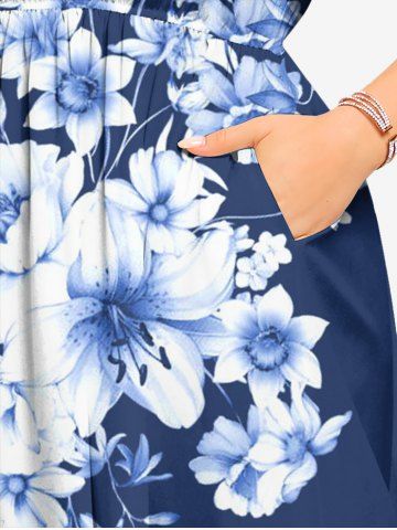 Plus Size Flowers Print Split Hawaii Midi Dress - Cadetblue - 5x
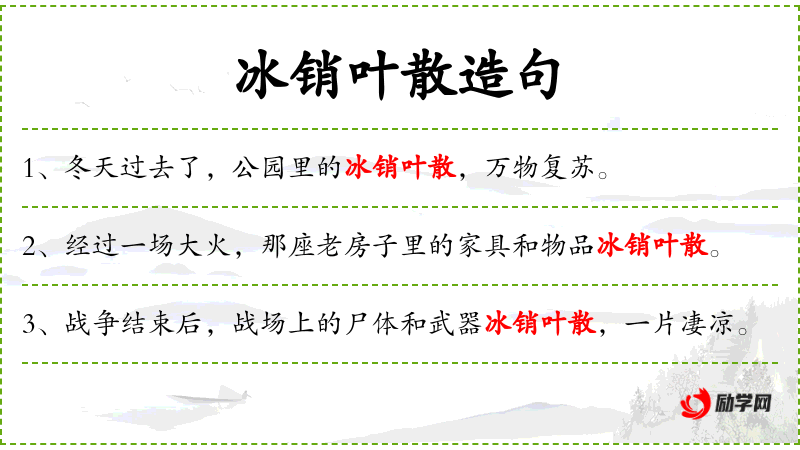 1. 【冰销叶散】 比喻事物消失瓦解。
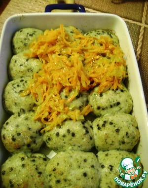 Биточки вынуть из духовки, покрыть луково-морковной смесью.
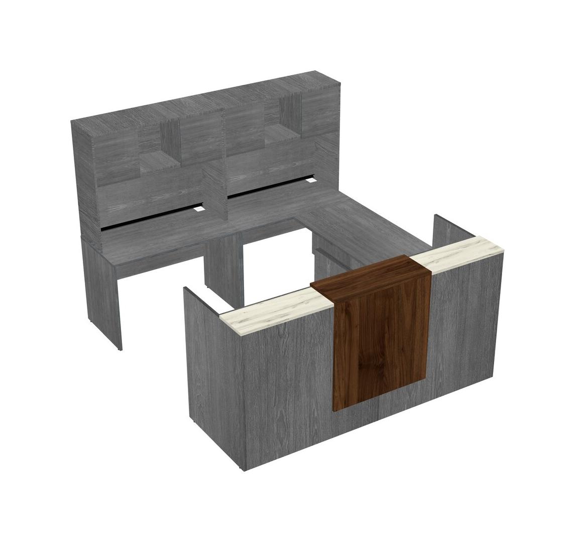 Bureau D'accueil Modulaire Partagé En U Avec Comptoir Flottant + Huche + Tiroirs Mobiles En Bois
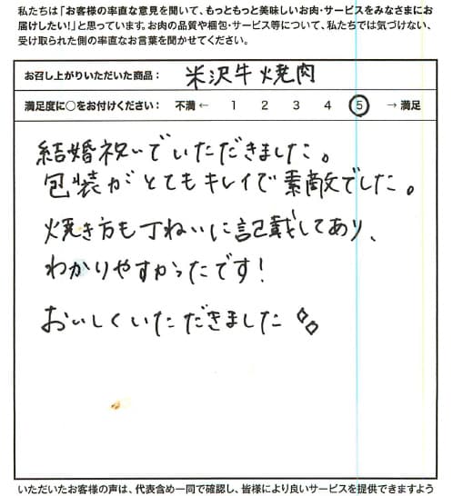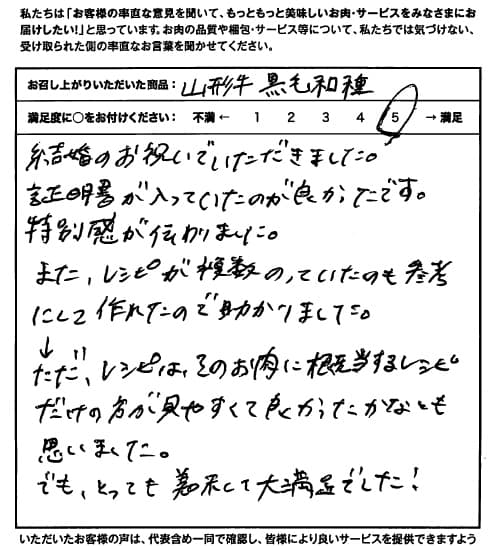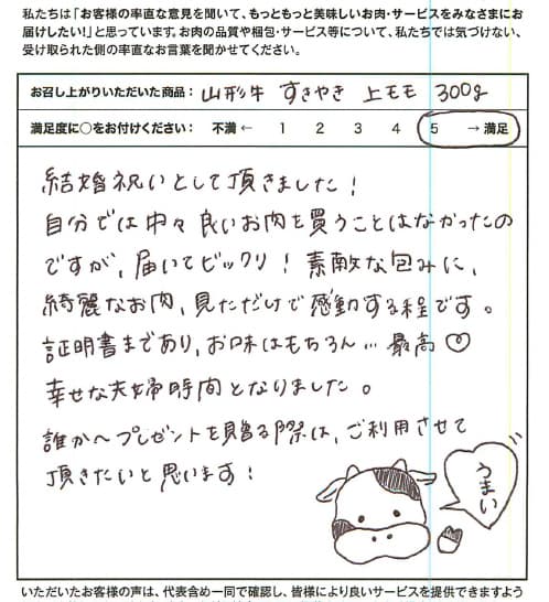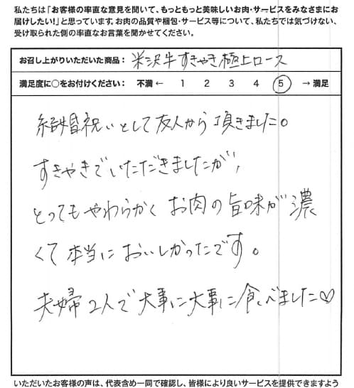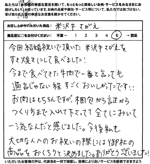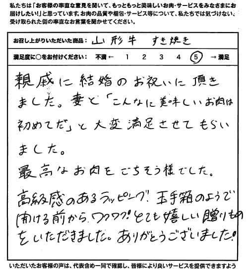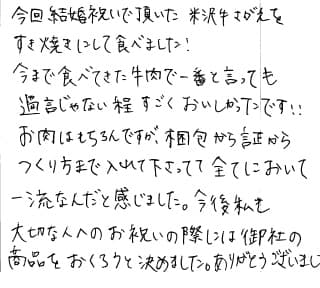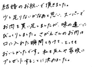 結婚のお祝いで頂きました。少し足りないかなあと思い、スーパーでお肉を買い足しましたが、味の違いにびっくりしました。さがえさんのお肉は口に入れた瞬間とろけて、とってもおいしかったです。私も友人や家族にプレゼントすることに決めました。
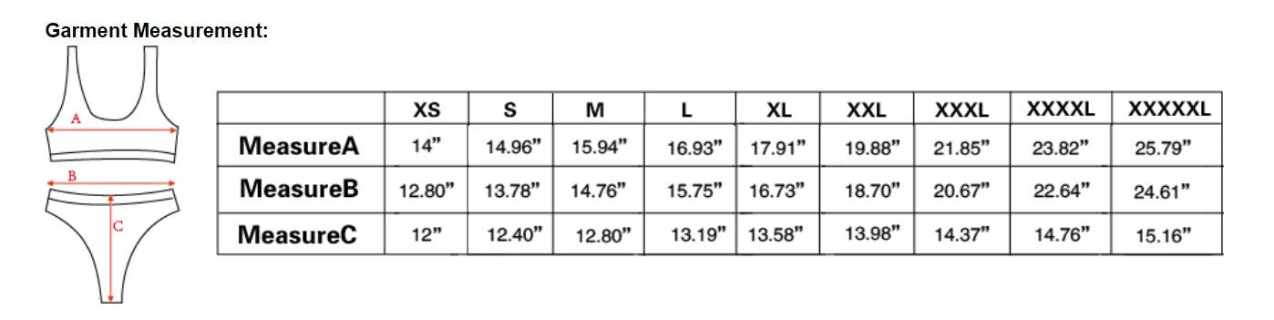 This sport bikini set features a scoop neck, low back, high waist bottoms with high cut legs. • 6.00 Oz. Fabric: 95% polyester, 5% spandex. • Sport top with a scoop neck and low back. • High-waisted bottom with high leg. • Using an advanced heat sublimation technique, will not fade in water. • Swimsuits are padded with an inner lining. • Machine washable, tumble dry low.
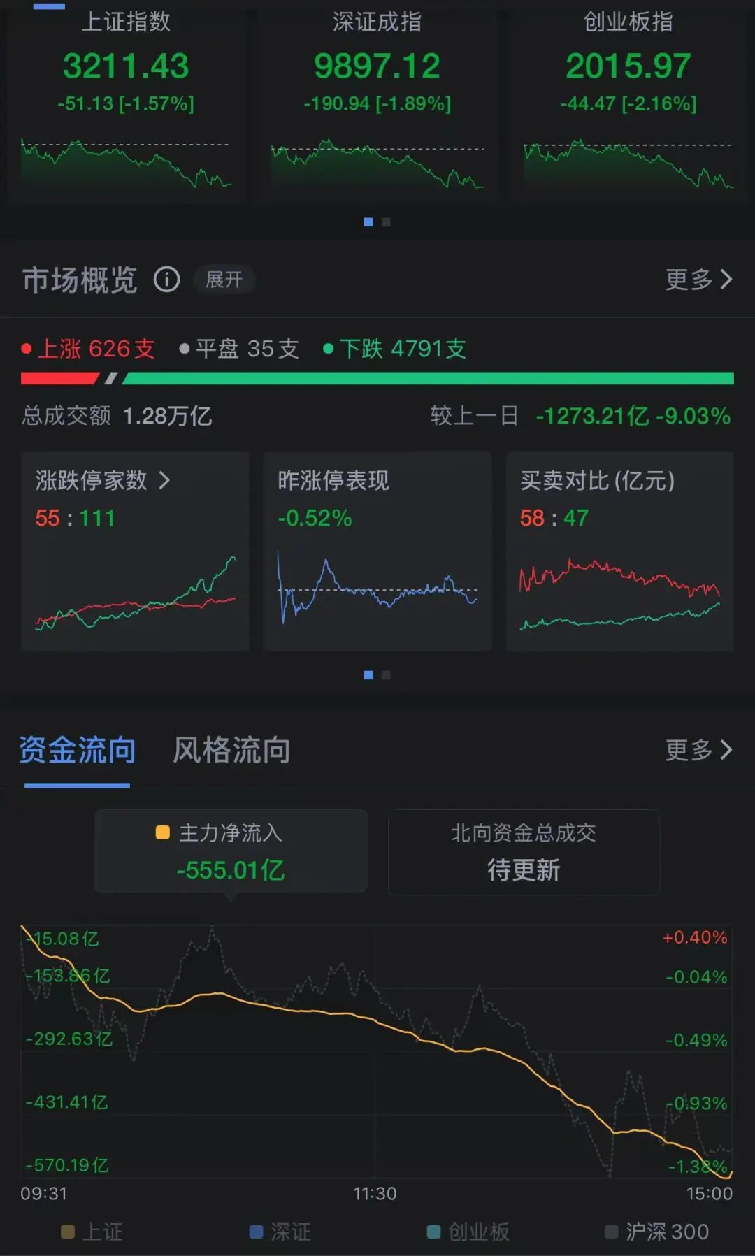 盘面上,热点匮乏,个股普跌,全市下跌个股4791只,跌停111只,上涨个股626只,涨停55只。全市场成交额1.28万亿元,较昨日缩量1273.21亿元。值得一提的是,这是沪深两市成交额连续第67个交易日突破1万亿。
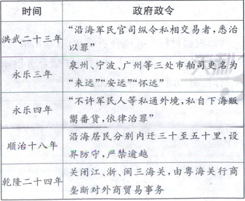 原因:自给自足的自然经济占统治地位;统治者为了维护统治的需要;抵御倭寇或西方殖民者的侵略,加强国防的需要;统治者盲目自大,对外部世界的错误认知。
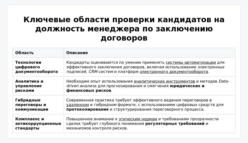 Личное собеседование с HR направлено на глубокую оценку ваших soft skills и конкретного опыта, который поможет вам успешно заключать договоры. На этом этапе основные области оценки включают:

Work order — Print every entry exactly. Pictures are not part of the copy.

Answer section —
 Plus Size Flowers Print Split Hawaii Midi Dress - Cadetblue - 5x
 1. 【冰销叶散】 比喻事物消失瓦解。
 Биточки вынуть из духовки, покрыть луково-морковной смесью.
 Bureau D'accueil Modulaire Partagé En U Avec Comptoir Flottant + Huche + Tiroirs Mobiles En Bois
 結婚のお祝いで頂きました。少し足りないかなあと思い、スーパーでお肉を買い足しましたが、味の違いにびっくりしました。さがえさんのお肉は口に入れた瞬間とろけて、とってもおいしかったです。私も友人や家族にプレゼントすることに決めました。
 This sport bikini set features a scoop neck, low back, high waist bottoms with high cut legs. • 6.00 Oz. Fabric: 95% polyester, 5% spandex. • Sport top with a scoop neck and low back. • High-waisted bottom with high leg. • Using an advanced heat sublimation technique, will not fade in water. • Swimsuits are padded with an inner lining. • Machine washable, tumble dry low.
 盘面上,热点匮乏,个股普跌,全市下跌个股4791只,跌停111只,上涨个股626只,涨停55只。全市场成交额1.28万亿元,较昨日缩量1273.21亿元。值得一提的是,这是沪深两市成交额连续第67个交易日突破1万亿。
 原因:自给自足的自然经济占统治地位;统治者为了维护统治的需要;抵御倭寇或西方殖民者的侵略,加强国防的需要;统治者盲目自大,对外部世界的错误认知。
 Личное собеседование с HR направлено на глубокую оценку ваших soft skills и конкретного опыта, который поможет вам успешно заключать договоры. На этом этапе основные области оценки включают:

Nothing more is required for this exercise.